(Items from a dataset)
Segment Open
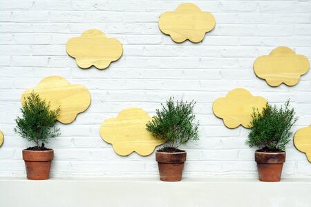 Flat lay design of travel concept with clouds on blue background with copy space.
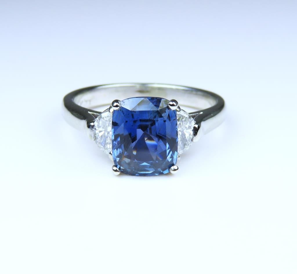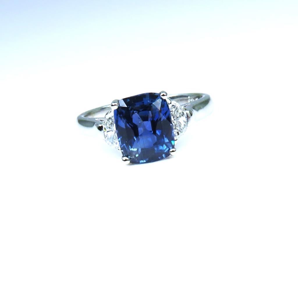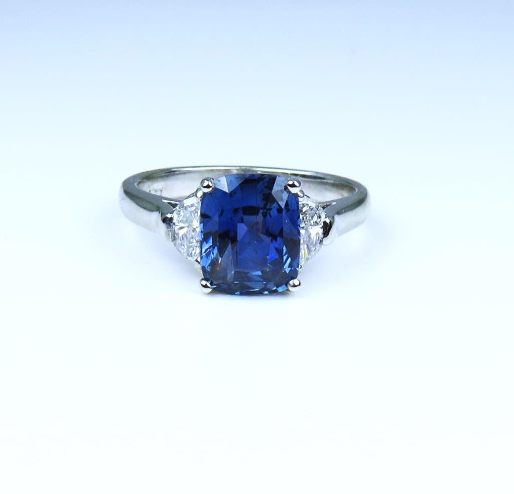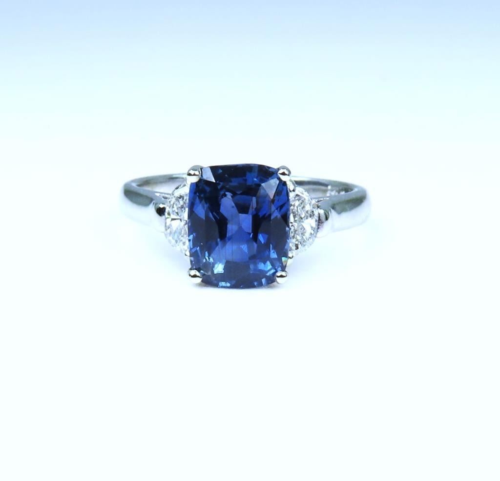 Blue Sapphire and Diamond Ring featuring a rectangular cushion cut 3.10 carat Blue Sapphire with NO Treatment accented with 2 half-moon cut Diamonds weighing approx. 0.70 carats with F-G colors and VS clarity set in a classic custom design crafted in 14 karat white gold. Retail $20,000-$30,000
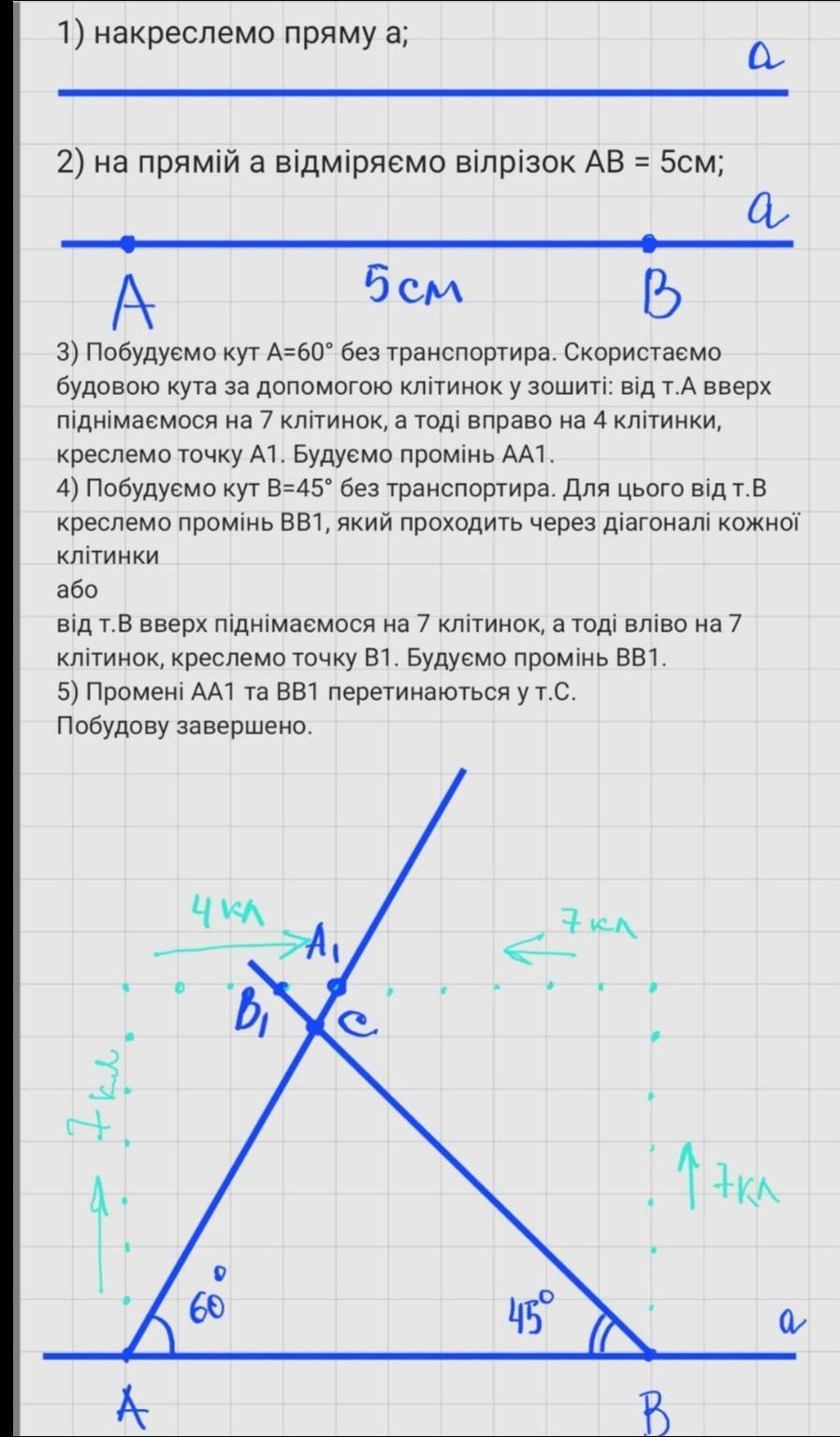 На фото пропоную побудову задачі по клітинкам зошита. А якщо треба було побудувати за допомогою лінійки та циркуля, то це зовсім інше креслення
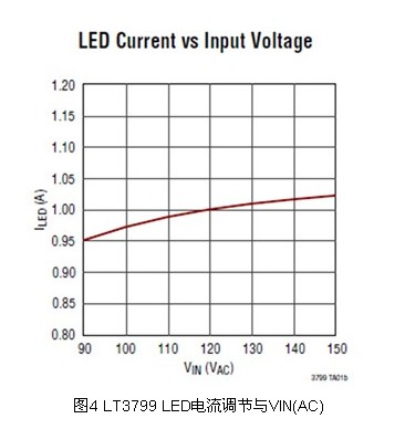 此外,LT3799在整個(gè)輸入電壓、輸出電壓和溫度范圍內(nèi)提供LED電流調(diào)節(jié)。從圖4可見,正如大多數(shù)美國(guó)照明應(yīng)用所要求,當(dāng)輸入從90VAC變到150VAC時(shí),LED電流保持在±5%的調(diào)節(jié)范圍內(nèi)。LT3799采用一個(gè)獨(dú)特的電流檢測(cè)電路取代了光耦合器,以向二次側(cè)提供良好調(diào)節(jié)的電流。此舉不僅降低了成本,還改善了可靠性。
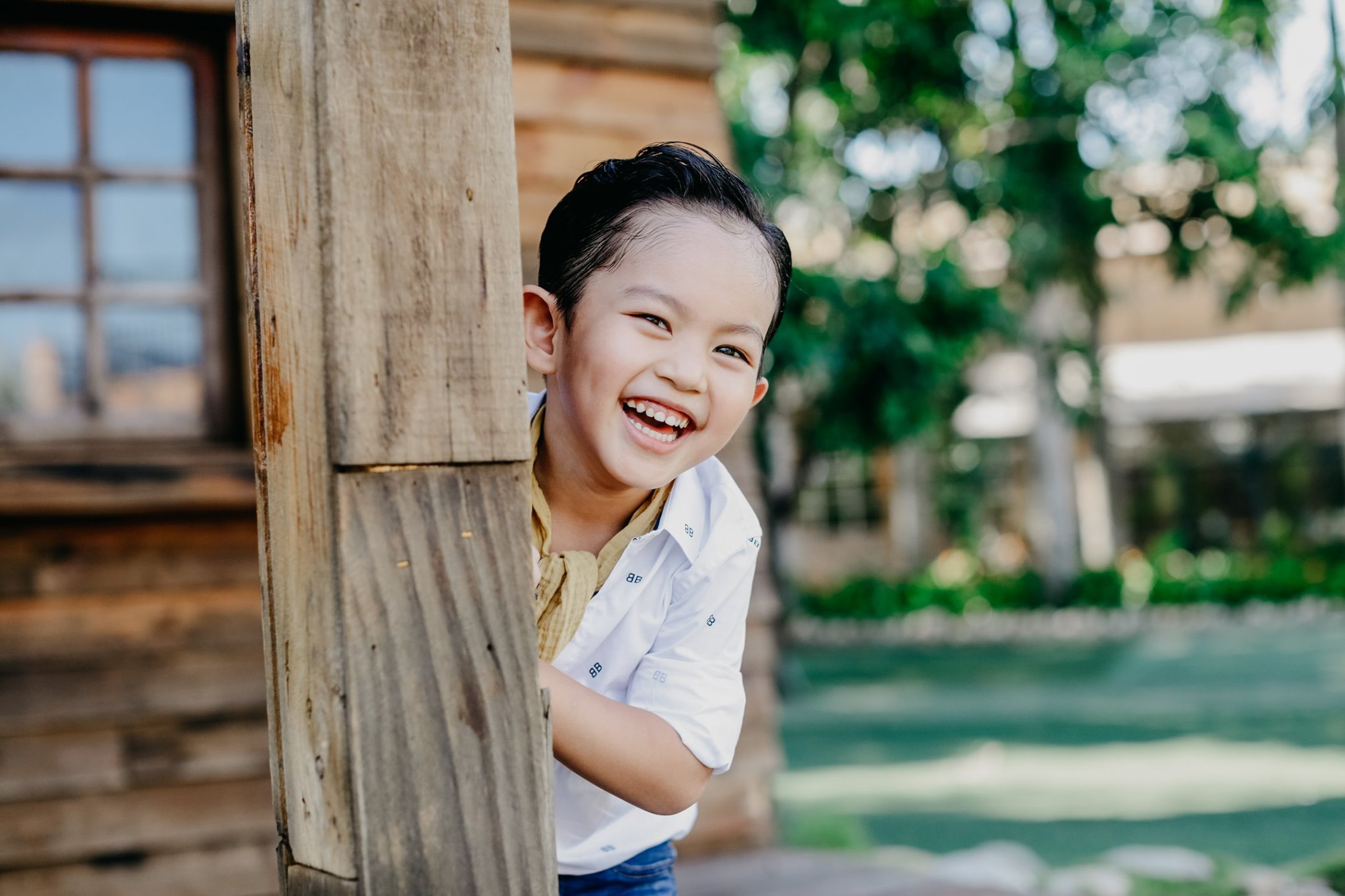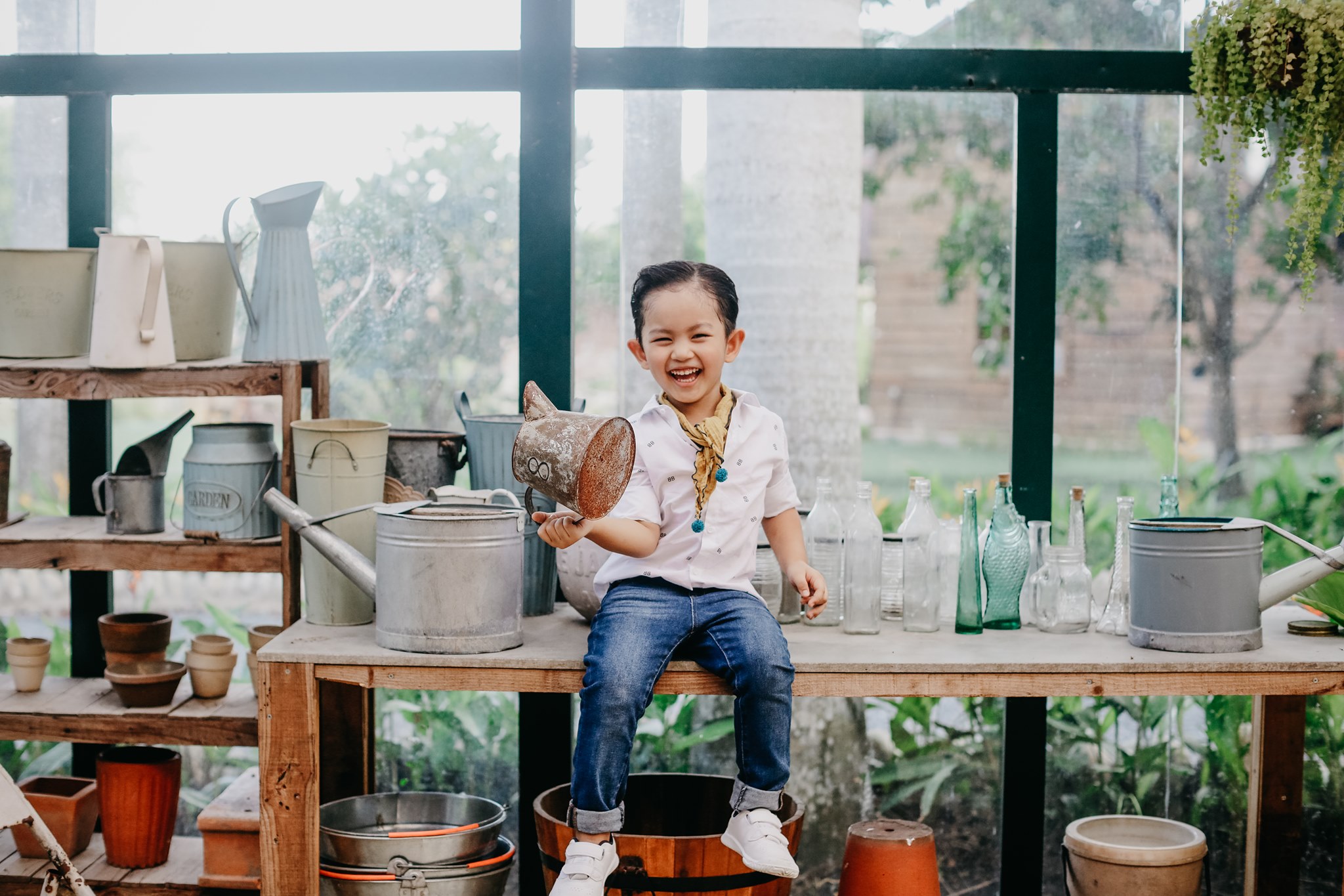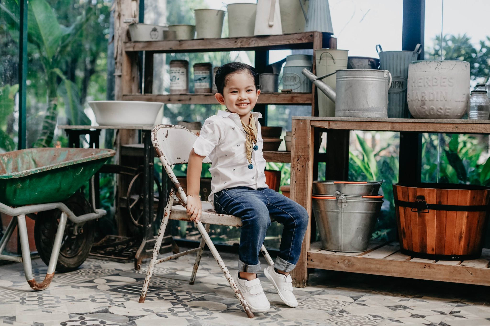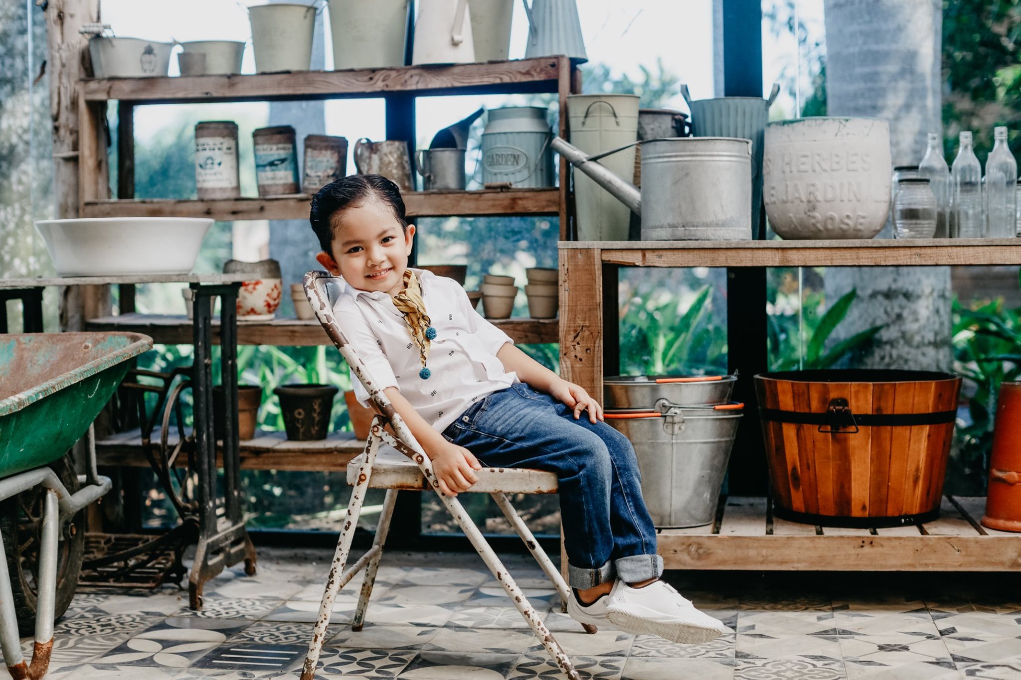 Cậu nhóc 4 tuổi sỡ hữu nhiều nét đẹp được thừa hưởng từ bố và mẹ. Được mẹ diện trang phục quần jeans và sơ mi trắng, trông cậu nhóc thật sự bảnh bao. Không những thế, có vẻ ống kính chuyên nghiệp không hề làm khó cậu nhóc.
Segment Closed
# Problem details
Each entry should come back exactly as written, with its pictures omitted.

# Problem solution
 Flat lay design of travel concept with clouds on blue background with copy space.
 Blue Sapphire and Diamond Ring featuring a rectangular cushion cut 3.10 carat Blue Sapphire with NO Treatment accented with 2 half-moon cut Diamonds weighing approx. 0.70 carats with F-G colors and VS clarity set in a classic custom design crafted in 14 karat white gold. Retail $20,000-$30,000
 На фото пропоную побудову задачі по клітинкам зошита. А якщо треба було побудувати за допомогою лінійки та циркуля, то це зовсім інше креслення
 此外,LT3799在整個(gè)輸入電壓、輸出電壓和溫度范圍內(nèi)提供LED電流調(diào)節(jié)。從圖4可見,正如大多數(shù)美國(guó)照明應(yīng)用所要求,當(dāng)輸入從90VAC變到150VAC時(shí),LED電流保持在±5%的調(diào)節(jié)范圍內(nèi)。LT3799采用一個(gè)獨(dú)特的電流檢測(cè)電路取代了光耦合器,以向二次側(cè)提供良好調(diào)節(jié)的電流。此舉不僅降低了成本,還改善了可靠性。
 Cậu nhóc 4 tuổi sỡ hữu nhiều nét đẹp được thừa hưởng từ bố và mẹ. Được mẹ diện trang phục quần jeans và sơ mi trắng, trông cậu nhóc thật sự bảnh bao. Không những thế, có vẻ ống kính chuyên nghiệp không hề làm khó cậu nhóc.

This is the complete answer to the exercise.